Character

Dionyza in Pericles, Prince of Tyre

Role: Ambitious wife of Cleon; driven by envy to attempt her stepdaughter's murder Family: Wife of Cleon, governor of Tarsus; mother to Philoten First appearance: Act 1, Scene 4 Last appearance: Act 4, Scene 3 Approx. lines: 19

Dionyza enters Pericles as a woman of means and apparent warmth—she and her husband Cleon welcome the shipwrecked Pericles to Tarsus with kindness during their city’s famine. Yet beneath her courtesy lies a woman consumed by ambition and poisoned by envy. When Pericles leaves his infant daughter Marina in her care, she accepts the charge with grace. But as Marina grows into a woman of extraordinary beauty, talent, and virtue, Dionyza’s gratitude curdles into murderous resentment. Marina’s accomplishments in music, needlework, and learning eclipse those of Dionyza’s own daughter, Philoten. Rather than celebrating the girl she has raised, Dionyza sees Marina as a threat to her family’s status and her daughter’s marriage prospects.
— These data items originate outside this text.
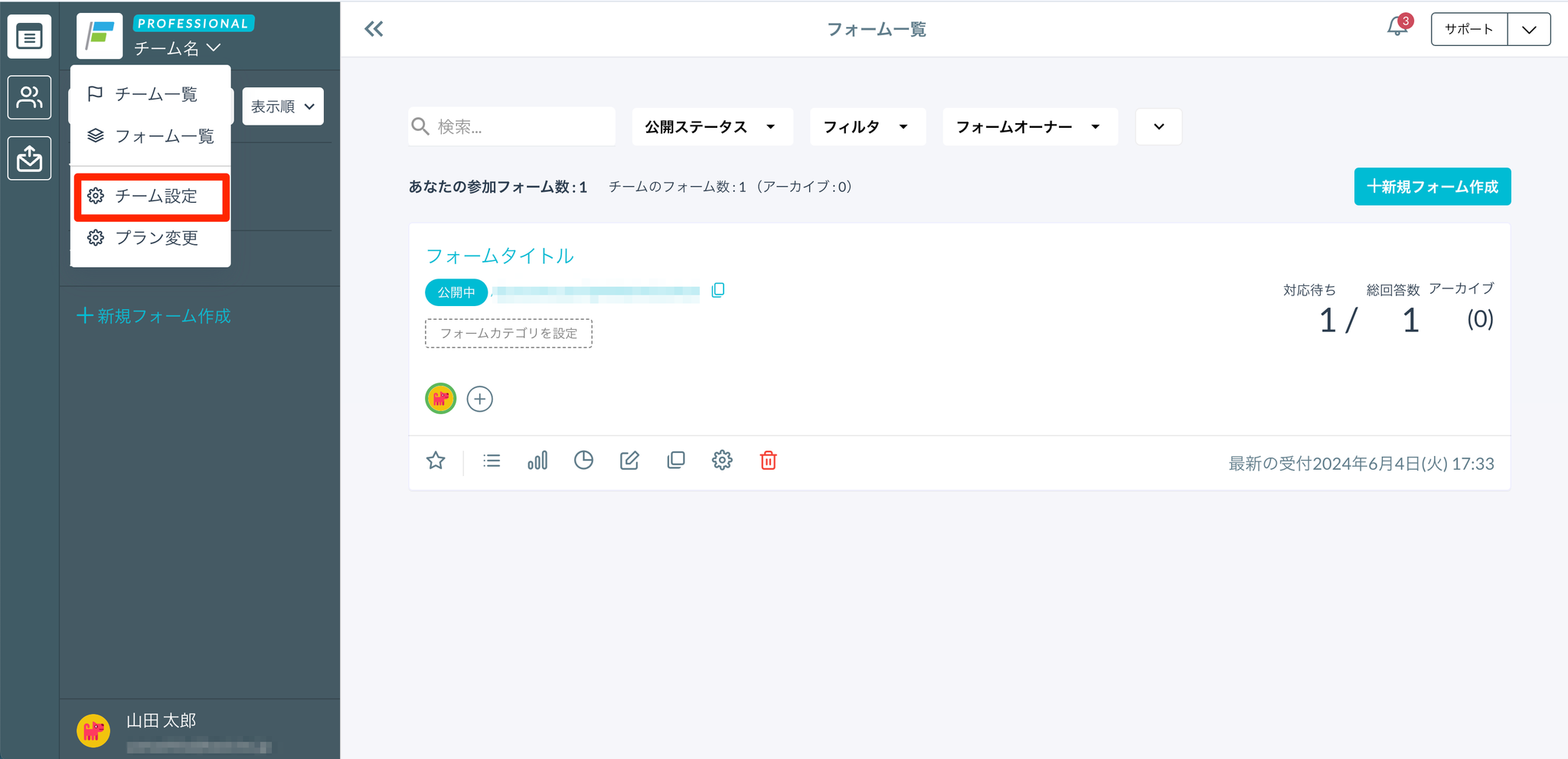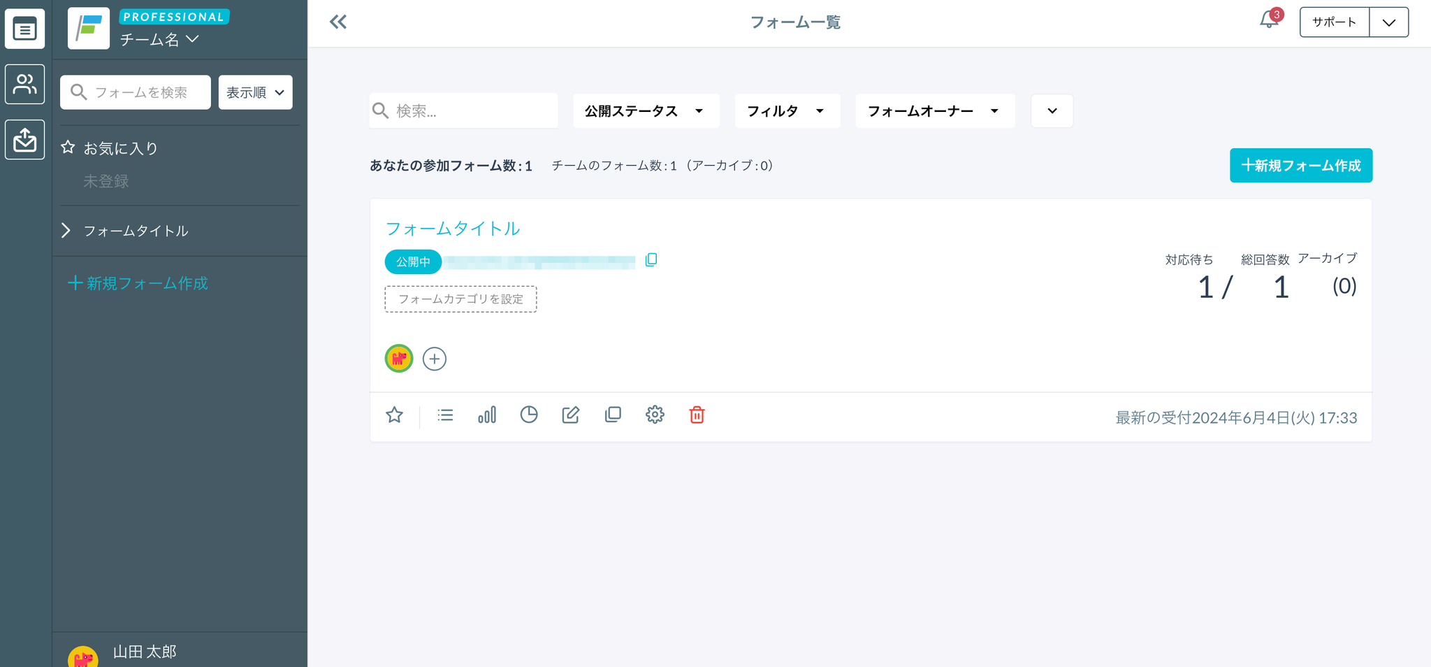 削除したフォームは復元できませんので、ご注意ください。
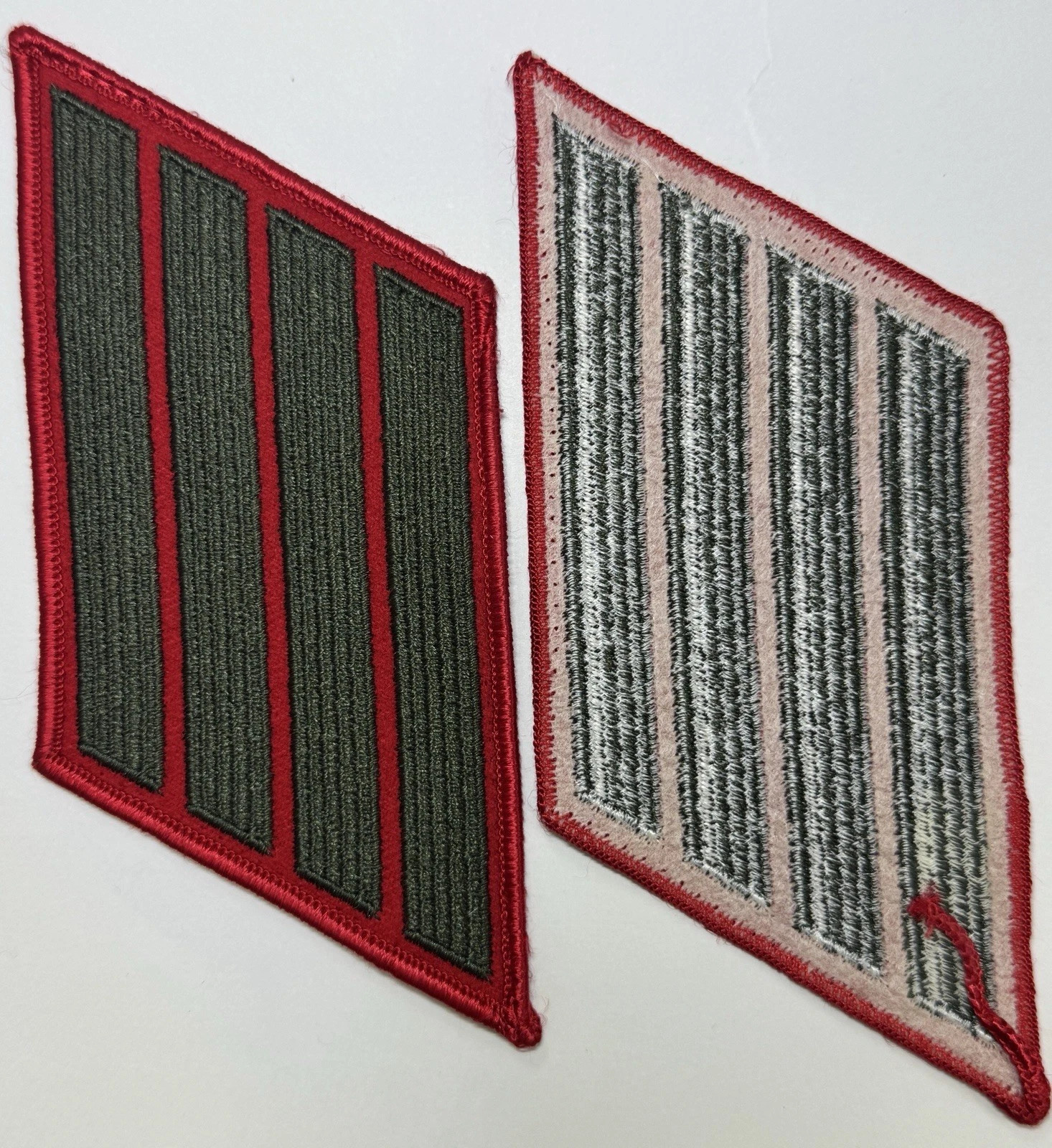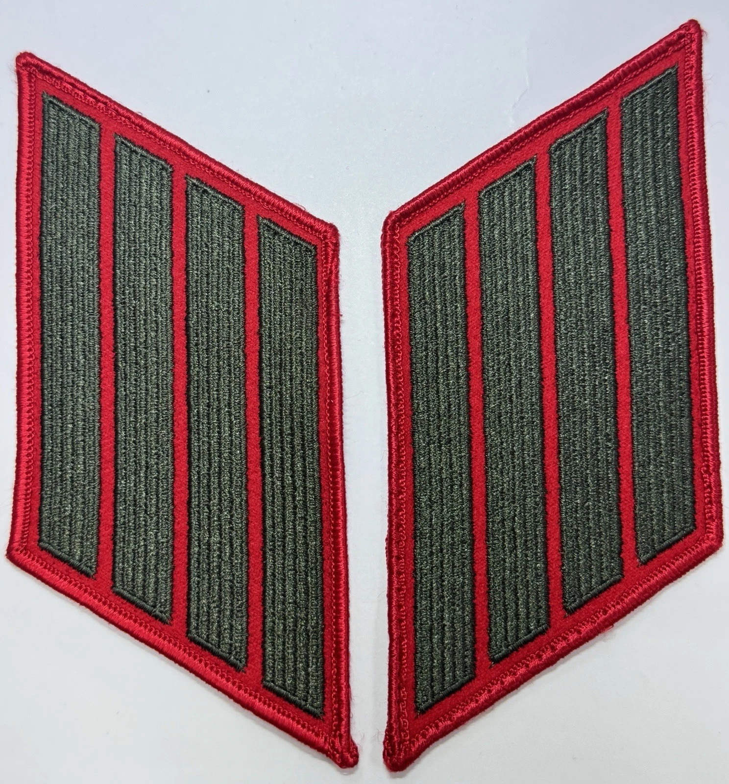 US Marine Corps Male Service Stripe - USMC 4-Stripes Green on Red, Pair, Patches
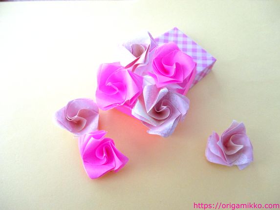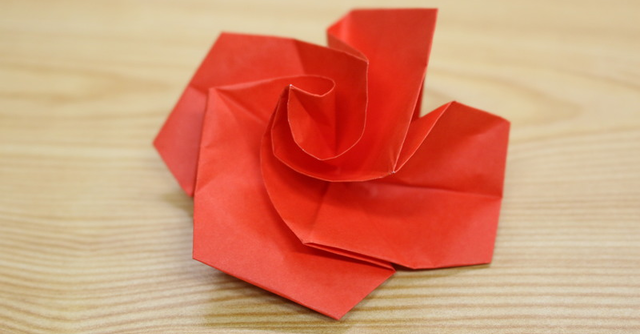 折り紙のバラの折り方は簡単!1枚で作る折り方 完成10分。
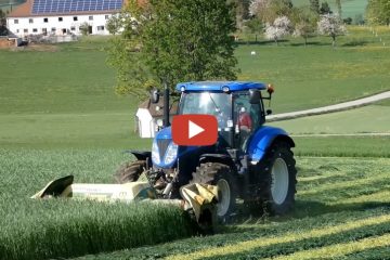 Der erste Landwirt in der Umgebung hat sich an den Grünroggen getraut. Hier zusehen ein New Holland T7.185 mit Krone Mähkombi. — Moareida Agrar

The turning point comes when Dionyza’s envy metastasizes into action. She hires the hired assassin Leonine to murder Marina, hoping to rid herself of the beautiful rival who has overshadowed her own child. When Marina narrowly escapes death—rescued by pirates before Leonine can strike—Dionyza does not despair. Instead, she doubles down on her deception. She erects a monument to Marina’s supposed death and lies to Pericles about his daughter’s fate, claiming she died of sickness while under Cleon’s care. Her corruption is complete: she has become not just a murderer in intent, but a liar who uses her position of trust to perpetrate the crime.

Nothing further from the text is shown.